Only the pictures are dropped. Restate each line below word for word.
*** Opening Provided material ***
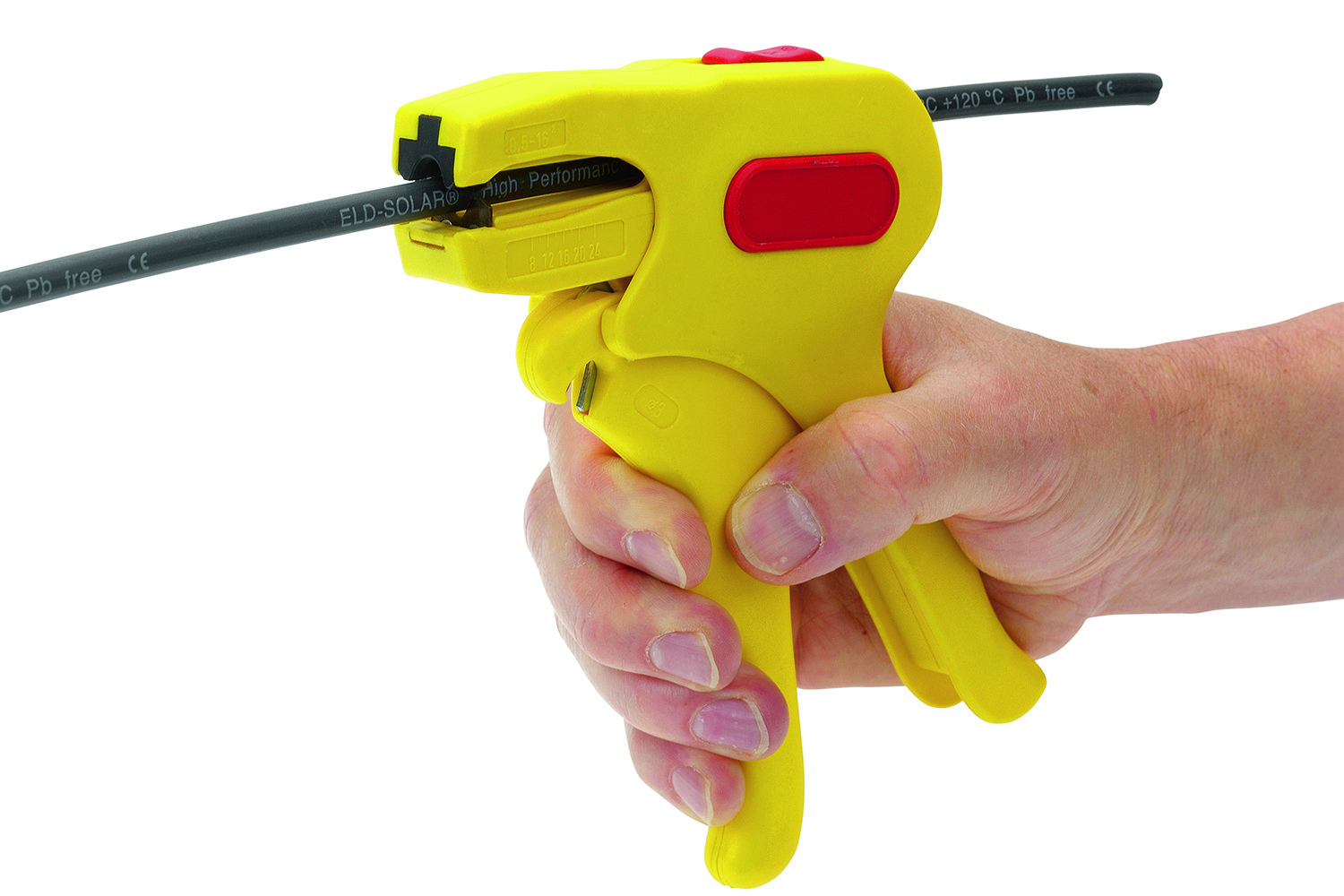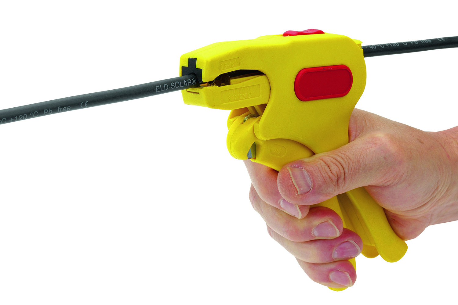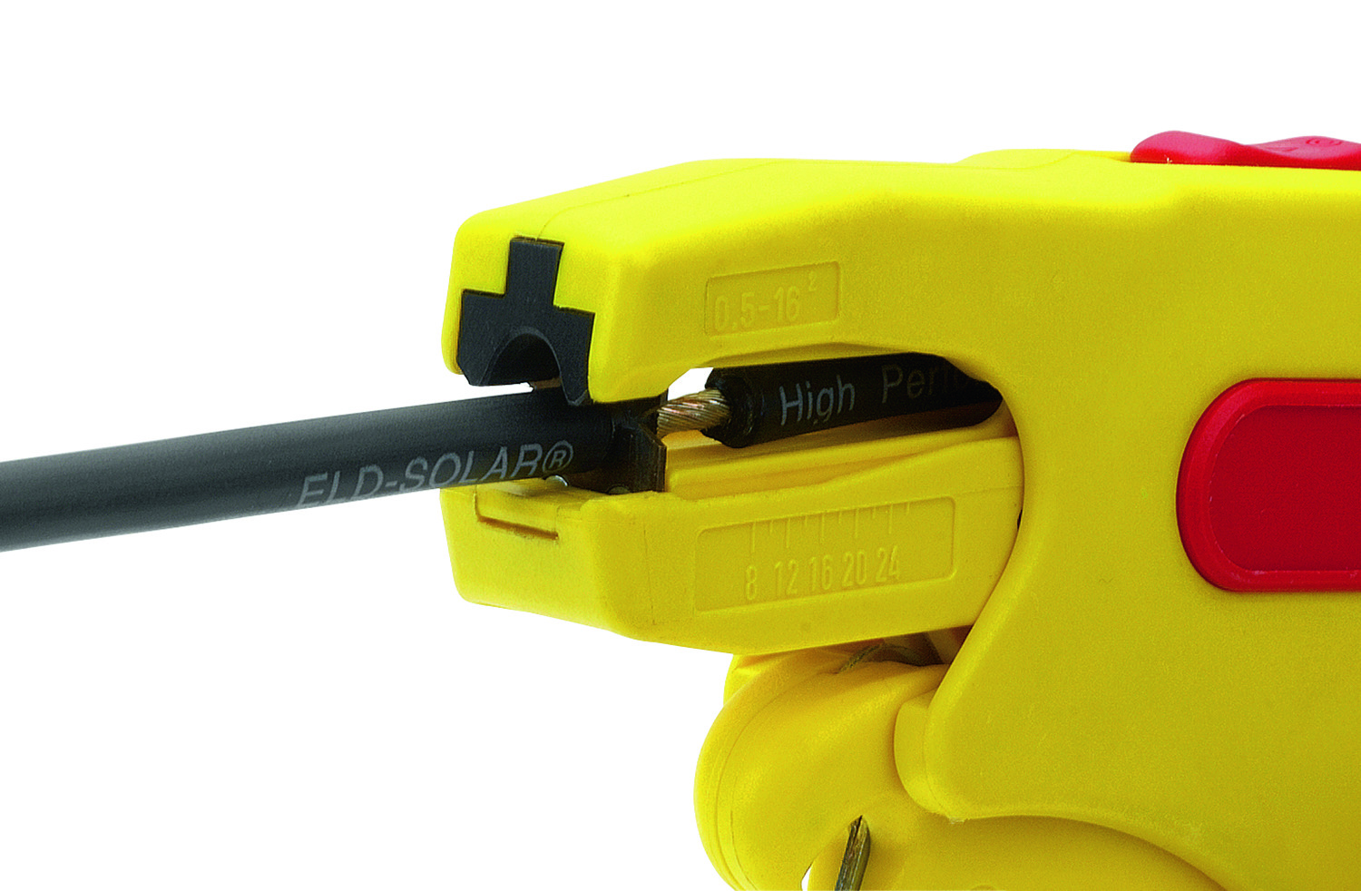 Automatische Abisolierzange für alle gängigen Solarkabel von 1,5 mm² bis 10 mm², die in dem Bereich Photovoltaik eingesetzt werden. Durch die präzise 5-fach verstellbare Feineinstellung ist auch das Entfernen von mehrlagigen Isolierungen bei Solarkabeln ohne Probleme möglich. Optisches Längenmaß von 8 bis 24 mm, 5/16 bis 1 für stets gleiche Abisolierlängen. Mit integriertem, gut zugänglichem Seitenschneider für Kabel bis maximal 3 mm Ø. Ergonomischer Pistolengriff für ermüdungsfreies Arbeiten. Gewicht nur 240 g.
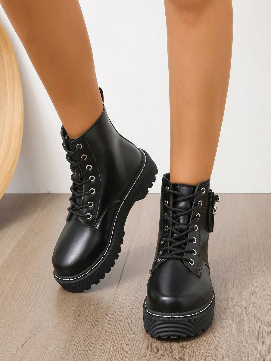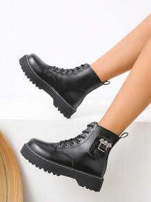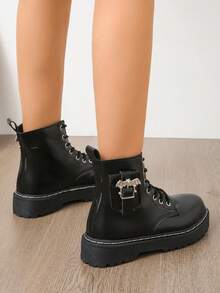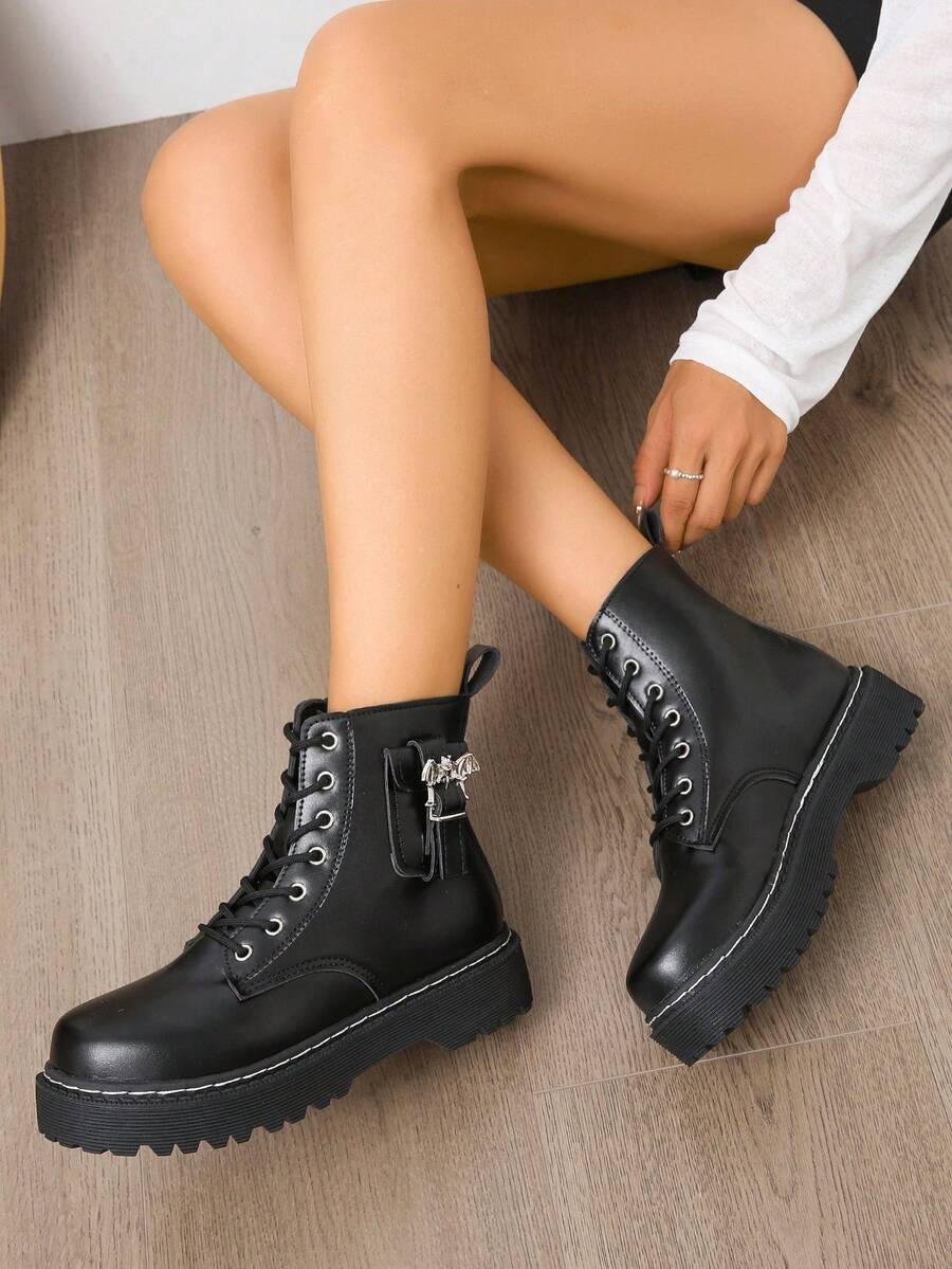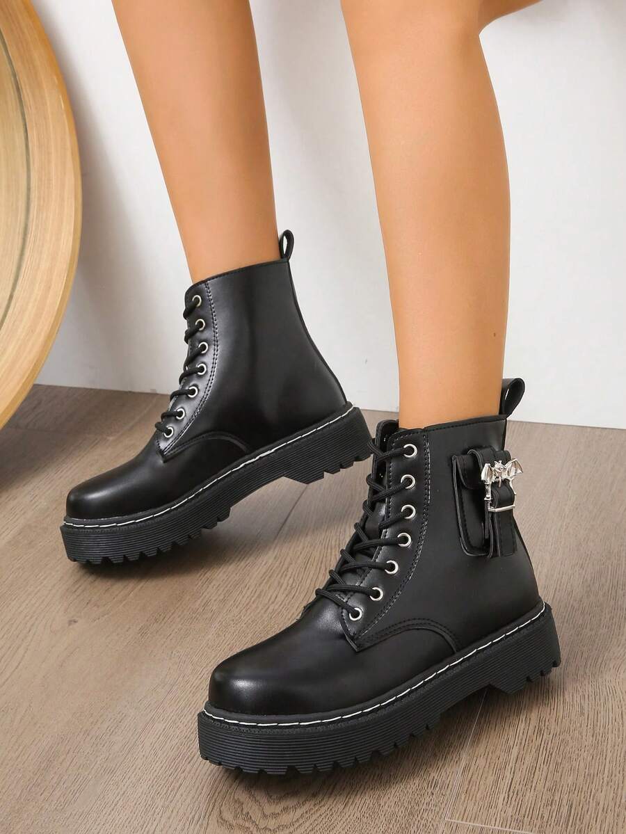 Goth Women Bat Metal Decor Lace-up Front Combat Boots, Cool Outdoor Fashion Boots
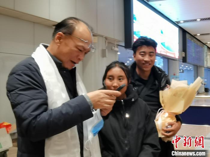 11月14日下午,來自西藏自治區(qū)昌都市的8名脊柱側(cè)彎患者到達(dá)北京首都國際機(jī)場。圖為北京大學(xué)第一醫(yī)院骨科主任李淳德(左)和藏族女孩澤巴央宗、哥哥貢布鄧珠交談?!⌒煅┈?攝
*** Closing Provided material ***
__Worked solution__.
 Automatische Abisolierzange für alle gängigen Solarkabel von 1,5 mm² bis 10 mm², die in dem Bereich Photovoltaik eingesetzt werden. Durch die präzise 5-fach verstellbare Feineinstellung ist auch das Entfernen von mehrlagigen Isolierungen bei Solarkabeln ohne Probleme möglich. Optisches Längenmaß von 8 bis 24 mm, 5/16 bis 1 für stets gleiche Abisolierlängen. Mit integriertem, gut zugänglichem Seitenschneider für Kabel bis maximal 3 mm Ø. Ergonomischer Pistolengriff für ermüdungsfreies Arbeiten. Gewicht nur 240 g.
 Goth Women Bat Metal Decor Lace-up Front Combat Boots, Cool Outdoor Fashion Boots
 11月14日下午,來自西藏自治區(qū)昌都市的8名脊柱側(cè)彎患者到達(dá)北京首都國際機(jī)場。圖為北京大學(xué)第一醫(yī)院骨科主任李淳德(左)和藏族女孩澤巴央宗、哥哥貢布鄧珠交談?!⌒煅┈?攝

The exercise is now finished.